Uniting for Peace, Assembly resolution 377(V) of 1950, was adopted in response to deadlock in the Security Council during the Korean War. It permits the Assembly, when the Council fails because of a permanent-member veto to exercise its primary responsibility for international peace and security in the face of a threat to or breach of the peace, to consider the matter immediately and recommend collective measures, including the use of armed force. The International Court in Certain Expenses (1962) ICJ Reports 151 effectively upheld the device by holding that the term action in Article 11(2) referred only to enforcement action, leaving room for Assembly-recommended peacekeeping forces of the kind deployed in Suez (UNEF) and the Congo (ONUC).
How are judges of the International Court of Justice elected?
Under Articles 4 to 12 of the Statute, the fifteen judges are elected for nine-year renewable terms by the General Assembly and the Security Council voting separately and concurrently. A candidate must obtain an absolute majority in both organs. No two judges may be of the same nationality. Article 9 requires that the bench as a whole represent the main forms of civilisation and the principal legal systems of the world. Five seats fall vacant every three years. A party to a case before the Court that has no judge of its nationality on the bench may, under Article 31 of the Statute, designate a judge ad hoc for that case.
Why does the Trusteeship Council still exist if it has no trust territories?
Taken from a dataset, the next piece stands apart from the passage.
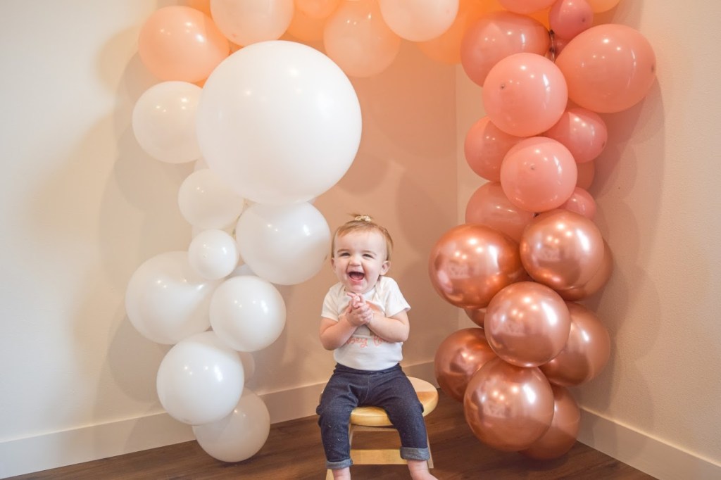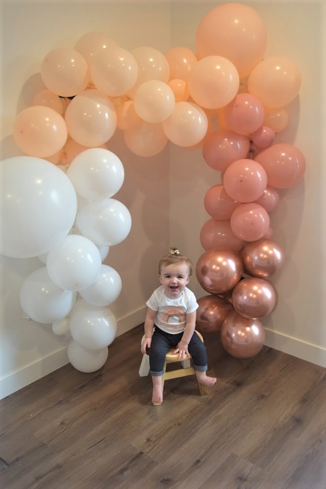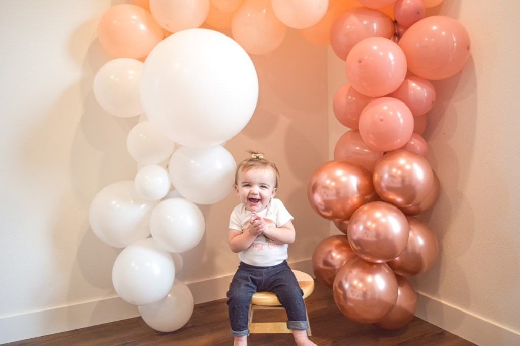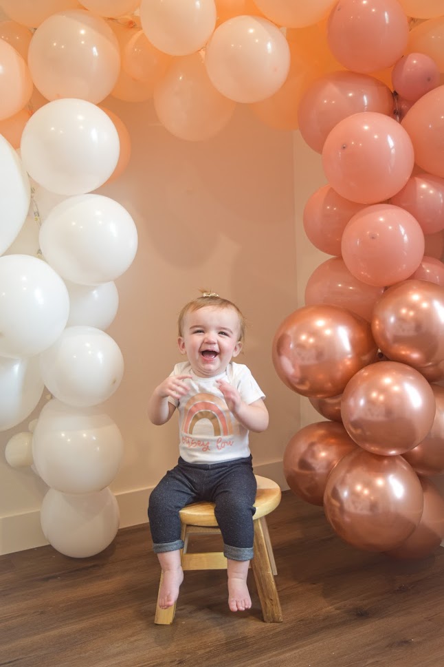 Aunt Momo had a few days she was on break so she came over and helped with pics. i am glad she did because our two minds came up with the cutest little picture set up! We used her balloon arch and her birthday shirt. She wasnt in the best of moods but i love them!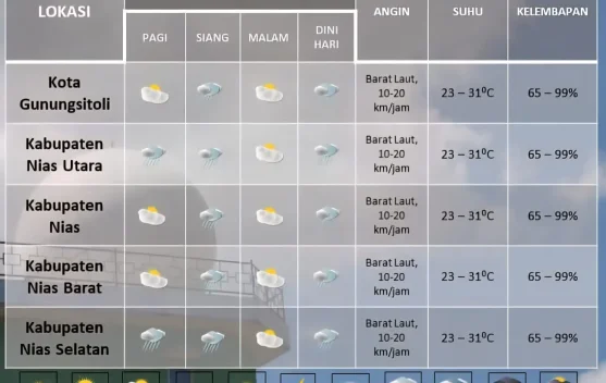 Kepulauan Nias Berpotensi Hujan Ringan, Pagi di Nias Utara dan Selatan

The Trusteeship Council is one of the six principal organs created by Article 7(1) of the Charter and supervised the international trusteeship system established by Chapters XII and XIII to administer dependent territories. The system fulfilled its purpose: with the independence of Palau on 1 October 1994 the last trust territory ceased to be one, and the Council suspended its operation on 1 November 1994. Removing the Council formally would require an amendment of the Charter under Article 108, which carries the affirmative vote of all five permanent members of the Security Council and a two-thirds vote of the General Assembly. The Council therefore continues to exist but meets only as occasion may require.